Friday, August 5, 2016

How do I make sense of life and death?? FAITH



     I know blogging has always been my way of sharing with you how I get through life with all the challenges put in front of me.  But today I have to take a different vein.

    This weekend we say our final good-byes to my big brother Kevin, and at 56 years young, it was way too soon.  This wasn't supposed to happen to us.  Other people lose siblings at an early age, but it never happens in real life.  Not to me...
Kevin: back row, center

   Kevin was the kindest man you'll ever meet, and his laugh was infectious.  In fact, all of my siblings have always had each other's back.  Though we all appear to be cut from a different cloth, we never let that break our bond.  It was assumed that we would grow old together, driving each other crazy, but we all loved each other and would go the distance to prove it. 

     After many tears and feelings of anger, I've learned that making sense of why he left so soon, turning our "perfect" family of five siblings into four, in the blink of an eye, is a heck of a lot harder than learning how to adjust to a life filled with challenges.  Now I needed to figure out why someone so special can be put on this earth, only to leave before we're ready.  

    But that's where my faith comes in.  I'll be the first to admit I'm not the most religious person there is.  However, I'm extremely passionate when it comes to spirituality.  We all have a purpose for being here, even if we aren't certain what it is.  Everything happens for a reason.  Though, Kevin made a huge mark, having many friends, and a very big heart, so it's obvious why he was put here.  And now that his mission on earth is over, his Father has called him home.  And I'm certain he's our guardian angel up in heaven, looking over all of us.

     I come from a family who is big on hugs, and we're never afraid to say "I love you". 

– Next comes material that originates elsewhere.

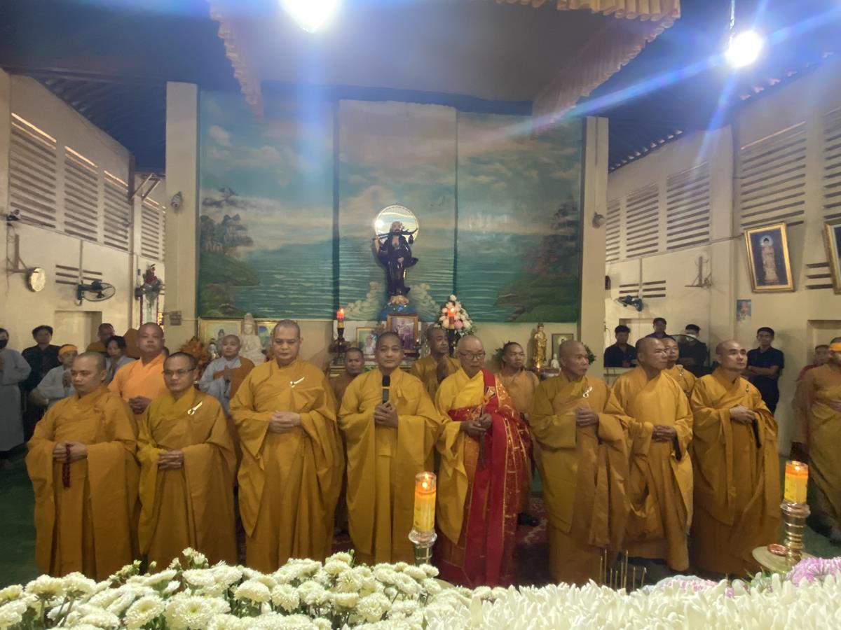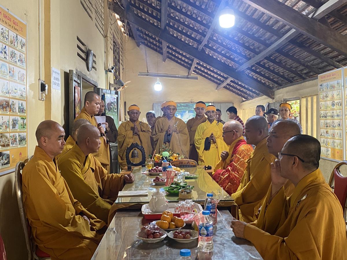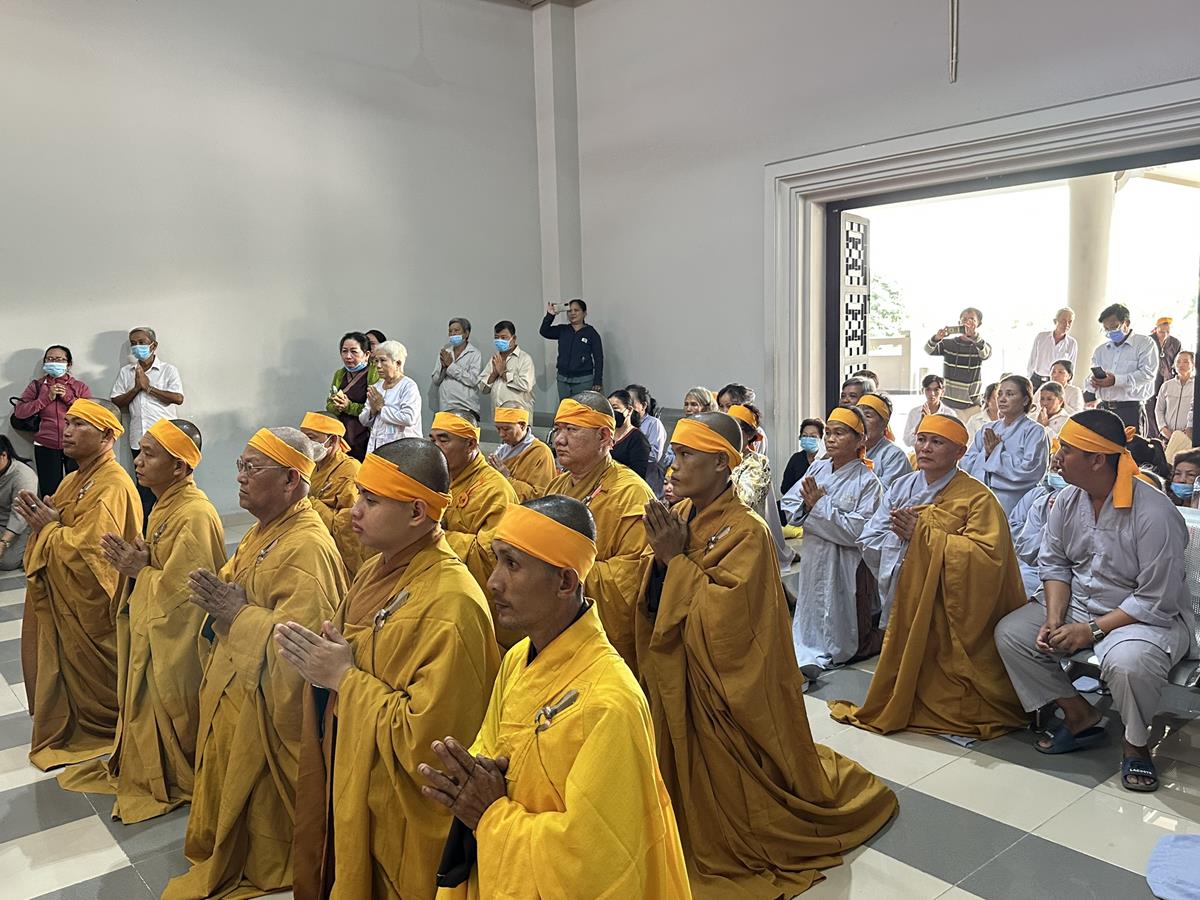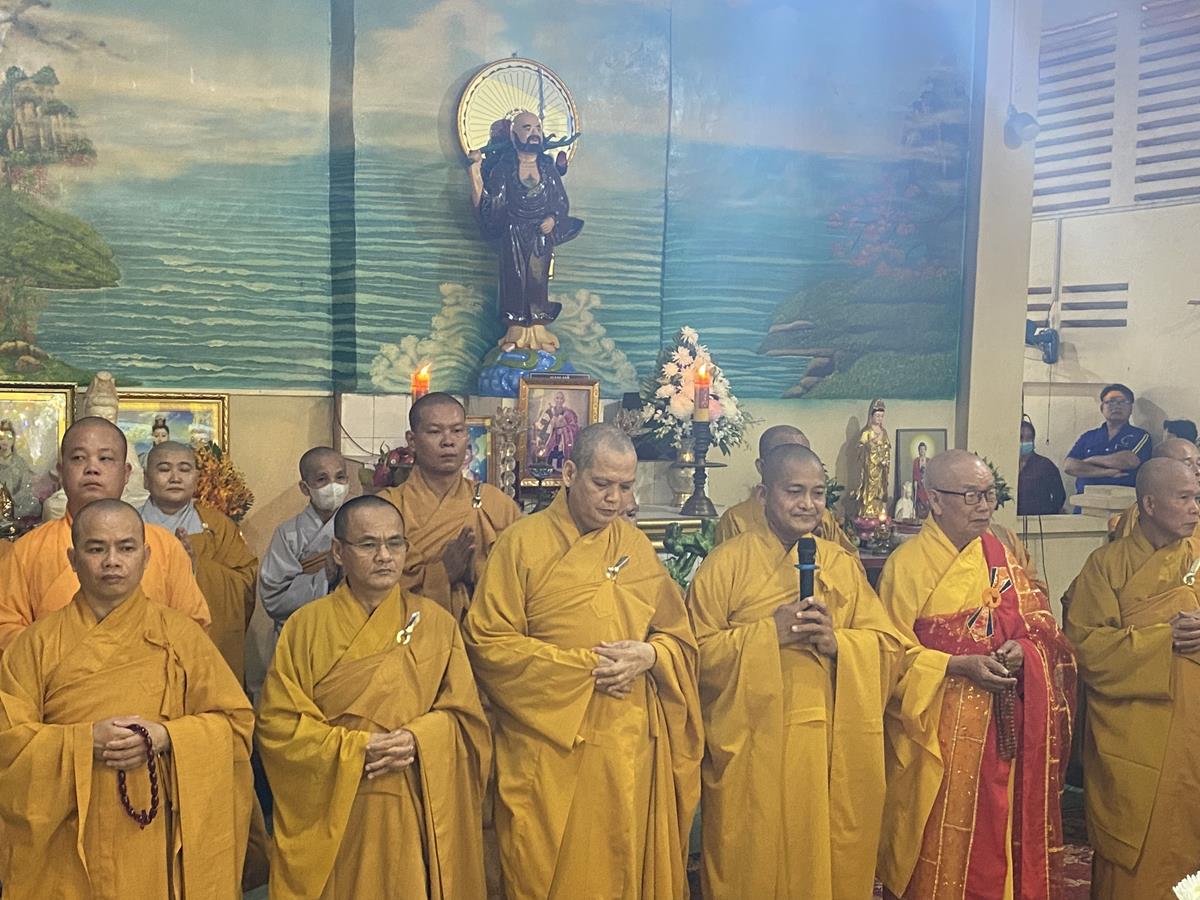 Trong buổi lễ, Chư tôn đức Tăng Ni quang lâm nơi Giác linh đài thắp hương tưởng niệm, nơi Giác linh đường trang nghiêm, Đại đức Thích Lệ Duyên – Phó ban kiêm Chánh Thư ký BTS GHPGVN tỉnh Long An, Trưởng BTS GHPGVN huyện Đức Hòa trưởng đoàn có lời ai điếu trước Giác linh đài và môn đồ pháp quyến. Đại đức bày tỏ sự kính tiếc khi Phật giáo huyện Đức Hoà từ đây mất đi một bậc Tăng già đức hạnh, trong suốt những năm hành đạo mặc dù không trực tiếp tham gia Giáo hội nhưng đời sống phạm hạnh của Thượng toạ là một tấm gương cho đàn hậu tấn noi theo tu học. Đồng thời chia sẽ sự mất mát to lớn của môn đồ pháp quyến khi không còn người thầy khả kính và mong muốn Chư tôn đức trong môn đồ pháp quyến tiếp tục thực hiện những hạnh nguyện của Thượng tọa đã để lại, phát triển ngôi Già lam Hiệp Phước ngày một hưng thạnh.

    My faith and up bringing has helped me process all of this immensely, because I have no regrets, or thoughts of "if I only had one more day, I would have let him know."  We very seldom get a warning, and I consider myself very fortunate to have been raised in a family who has learned that today is the day.  Tomorrow may be too late.  In this case, I'm certain Kevin knew it:)  Til we meet again big Bro!! "I love you":)

Have a great day!!

Christine:)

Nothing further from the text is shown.